Met betrekking tot de door de Rechtbank toegekende vergoeding van de taxatiekosten heeft belanghebbende aangevoerd dat volledige vergoeding van de kosten van één rapport is toegekend, maar ten onrechte van het andere rapport slechts een gedeelte. De heffingsambtenaar heeft ter zitting desgevraagd verklaard dat hij vanwege de complexiteit van de taxaties en de bijzondere omstandigheden van het geval bereid is de kosten voor beide taxaties alsnog volledig te vergoeden. Het Hof zal dienovereenkomstig beslissen. Dat betekent dat voor vergoeding in aanmerking komt 2 x € 1.154,34 (kosten per rapport) = € 2.308,68. Daarnaast komen de reiskosten van belanghebbende naar de zittingen van de Rechtbank en het Hof voor vergoeding in aanmerking, zijnde 2 x € 5,60 = € 11,20.
4.9.
Met betrekking tot de door belanghebbende gemaakte kosten van het kopiëren van de taxatierapporten (€ 408,40 voor in totaal 10 exemplaren) heeft de Rechtbank terecht overwogen dat deze kosten volgens het Besluit proceskosten bestuursrecht niet voor vergoeding in aanmerking komen. Deze door belanghebbende gemaakte kosten vallen niet onder de aldaar limitatief opgesomde categorieën. Dat belanghebbende zowel in beroep als in hoger beroep twee taxatierapporten Hofheeft verstrekt, doet daar niet aan af. Daarbij wijst het Hof er nog op dat belanghebbende in zijn hogerberoepschrift heeft aangeboden de taxatierapporten aan het Hof te doen toekomen en dat de griffie van het Hof bij brief van 1 februari 2017 heeft aangeven slechts stukken (zoals taxatierapporten) te willen ontvangen voor zover deze nog niet bij de Rechtbank zijn aangeleverd.
SlotsomOp grond van het vorenstaande is het hoger beroep met betrekking tot de proceskosten gegrond en overigens ongegrond.

5.Beslissing

Het Hof:
– vernietigt de uitspraak van de Rechtbank, doch alleen met betrekking tot de veroordeling in de proceskosten,
– bevestigt de uitspraak van de Rechtbank voor het overige,
– veroordeelt de heffingsambtenaar in de proceskosten van belanghebbende tot een bedrag van € 2.319,88,
– gelast dat de heffingsambtenaar aan belanghebbende het betaalde griffierecht vergoedt, te weten € 124 in verband met het hoger beroep bij het Hof.
Deze uitspraak is gedaan door mr. A.I. van Amsterdam, voorzitter, mr. J. van de Merwe en mr. W.W. Monteiro, in tegenwoordigheid van mr. J.H. Riethorst als griffier.
De beslissing is op 10 juli 2018 in het openbaar uitgesproken.
De griffier, De voorzitter,
(J.H. Riethorst) (A.I. van Amsterdam)
Afschriften zijn aangetekend per post verzonden op 10 juli 2018.

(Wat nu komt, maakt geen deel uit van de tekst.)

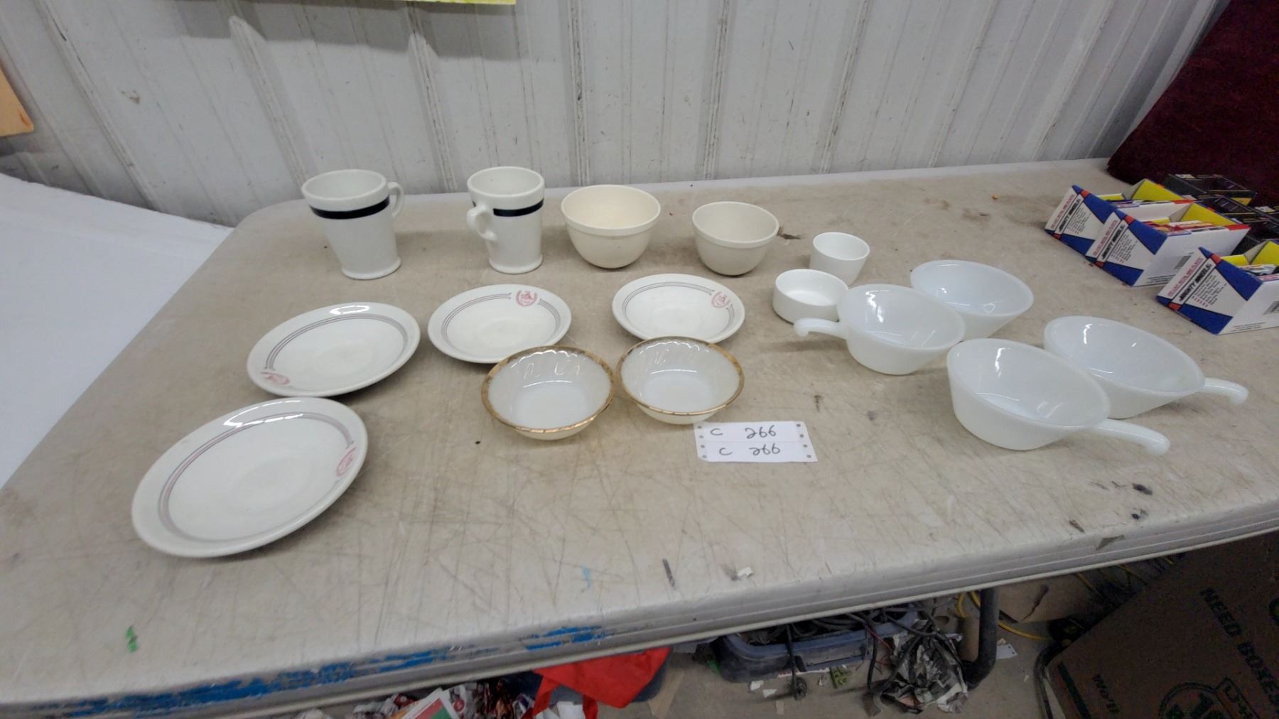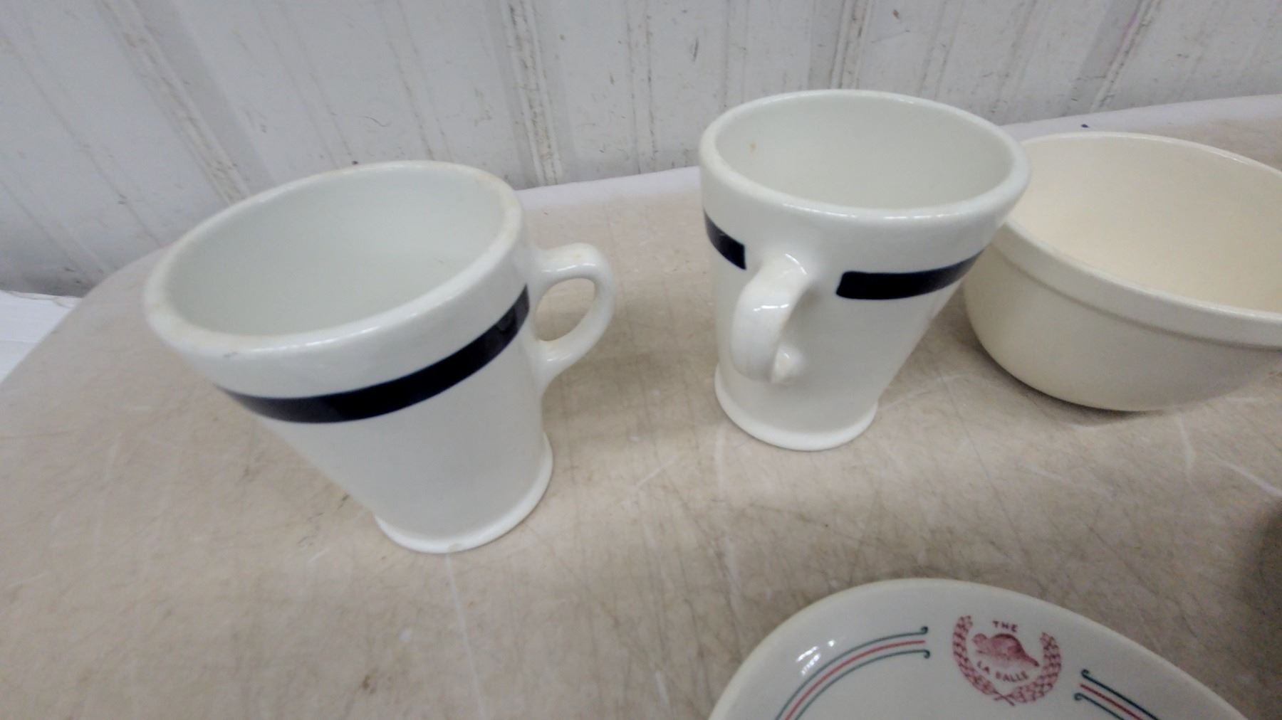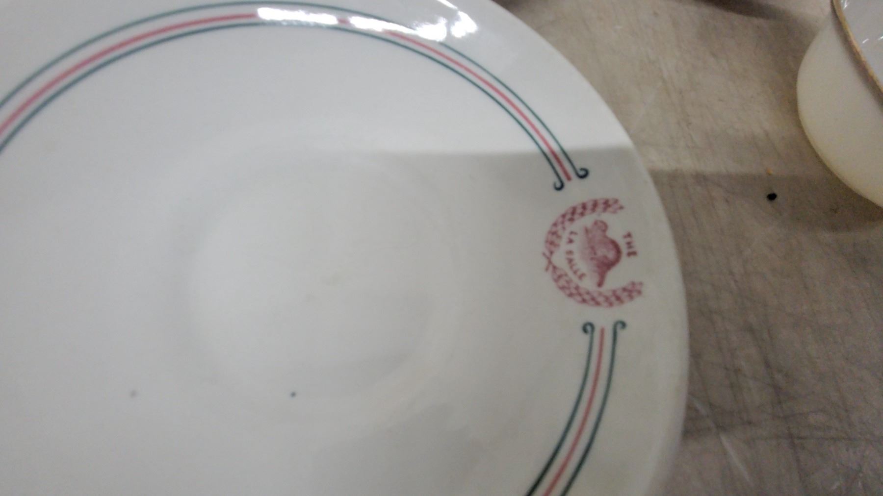 Lot 266 La Salle Hotel Restaurant Ware Lot: Plates, Saucers, Cups, Creamers; Duraline China Fire King

Tegen deze uitspraak kunnen beide partijen binnen zes weken na de verzenddatum beroep in cassatie instellen bij
de Hoge Raad der Nederlanden (belastingkamer),
Postbus 20303,
2500 EH DEN HAAG.
Daarbij moet het volgende in acht worden genomen:
1. bij het beroepschrift wordt een afschrift van deze uitspraak overgelegd;
2 - het beroepschrift moet ondertekend zijn en ten minste het volgende vermelden:
a. de naam en het adres van de indiener;
b. de dagtekening;
c. een omschrijving van de uitspraak waartegen het beroep in cassatie is gericht;
d. de gronden van het beroep in cassatie.
Voor het instellen van beroep in cassatie is griffierecht verschuldigd. Na het instellen van beroep in cassatie ontvangt de indiener een nota griffierecht van de griffier van de Hoge Raad. In het cassatieberoepschrift kan de Hoge Raad verzocht worden om de wederpartij te veroordelen in de proceskosten.